INTERCREDITOR AGREEMENT

This Intercreditor Agreement (this "Agreement"), dated November 21, 2006,
is among Credit Acceptance Corporation ("CAC"), CAC Warehouse Funding
Corporation II ("Warehouse Funding"), Credit Acceptance Funding LLC 2006-1
("Funding 2006-1"), Credit Acceptance Auto Dealer Loan Trust 2006-1 (the "2006-1
Trust"), Credit Acceptance Funding LLC 2006-2 ("Funding 2006-2"), Credit
Acceptance Auto Dealer Loan Trust 2006-2 (the "2006-2 Trust"), Wachovia Capital
Markets, LLC, as deal agent and collateral agent under the Wachovia
Securitization Documents ("Wachovia"), The Bank of New York (as
successor-in-interest to the corporate trust business of JPMorgan Chase Bank,
N.A.), as indenture trustee and trust collateral agent under the 2006-1
Securitization Documents (in either such capacity, the "2006-1 Trustee", as the
context requires), Deutsche Bank Trust Company Americas, as indenture trustee
and trust collateral agent under the 2006-2 Securitization Documents (in either
such capacity, the "2006-2 Trustee", as the context requires), Comerica Bank, as
agent under the CAC Credit Facility Documents ("Comerica"), and each other
creditor who becomes a party hereto after the date hereof.

Capitalized terms used but not otherwise defined herein shall have the
meaning set forth in Appendix A attached hereto and made part of this Agreement.

BACKGROUND

A. Pursuant to the terms of the various Dealer Agreements between CAC and
the Dealers, Collections from a particular Pool are first used to pay certain
collection costs, CAC's servicing fee and to pay back the Pool's Advance
balance.

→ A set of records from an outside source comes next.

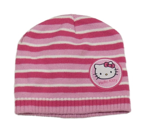 Růžovo-bílá pruhovaná pletená čepice s Kitty Sanrio
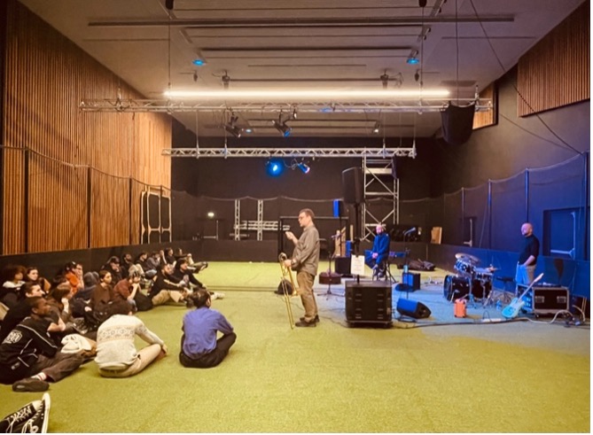 Et il y eut toutes les rencontres en marge de. Pleine marge. Plein cœur. Avec les étudiants et étudiantes de l’Université Paris 8 – Saint-Denis, avec Danièle Joly et Anne Raulin, coéditrices de la toute première version française de Black Metropolis, le chef d’œuvre de sociologie urbaine, sur Chicago, écrit par Horace R. Cayton et St. Clair Drake, avec les élèves du Conservatoire de Poitiers et ceux du Lycée Gustave Eiffel à Gagny, à l’IRCAM avec Jeff Albert pour travailler sur le programme Somax2 créé par Gérard Assayag et mis au point par Marco Fiorini, à la MJC – Les Hauts de Belleville avec les étudiants de l’Université Paris 8 – Saint-Denis et ceux du Département Jazz et Musiques improvisées du Conservatoire National Supérieur de Musique et de Danse de Paris (CNSMDP), à Lyon avec les étudiants du CFMI et de l’ENM et à Guipavas avec les élèves du Collège du Vizac.
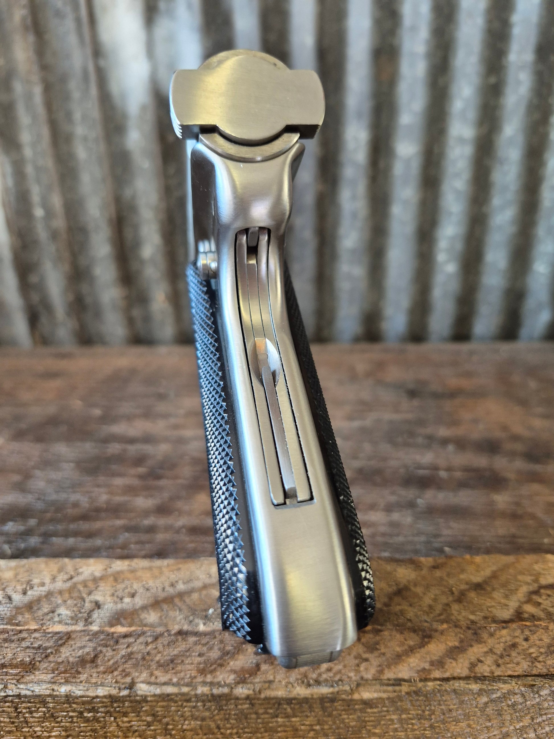 Grips: Checkered black plastic (laminate-style; aftermarket options like walnut or Hogue rubber are common)

After the Advance balance under such Pool has been reduced to zero, the
Dealer to whom the Pool relates has a contractual right under the related Dealer
Agreement to receive a portion of any further Collections with respect to the
Pool (such portion of further Collections otherwise payable to the Dealer is
referred to herein as "Back-end Dealer Payments"), subject to CAC's right of
offset as described in paragraph H below.

B. CAC has granted a security interest in CAC's rights with respect to its
Pools (to the extent not released) and related assets generally under the CAC
Credit Facility Documents to Comerica, as collateral agent for the banks which
are parties thereto.

C. CAC, Wachovia and certain other parties entered into a transaction as
set forth in the Wachovia Securitization Documents (the "Wachovia
Securitization") pursuant to which the security interest with respect to certain
specifically identified Pools and related assets was (and during the revolving
period under the Wachovia Securitization Documents will be) released by
Comerica, CAC contributed (and will contribute) such Pools and related assets to
its wholly-owned subsidiary, Warehouse Funding, and Warehouse Funding granted
Wachovia, in its capacity as collateral agent, a security interest in Warehouse
Funding's rights to such Pools and related assets (such Pools and related assets
are referred to herein as the "Wachovia Pools").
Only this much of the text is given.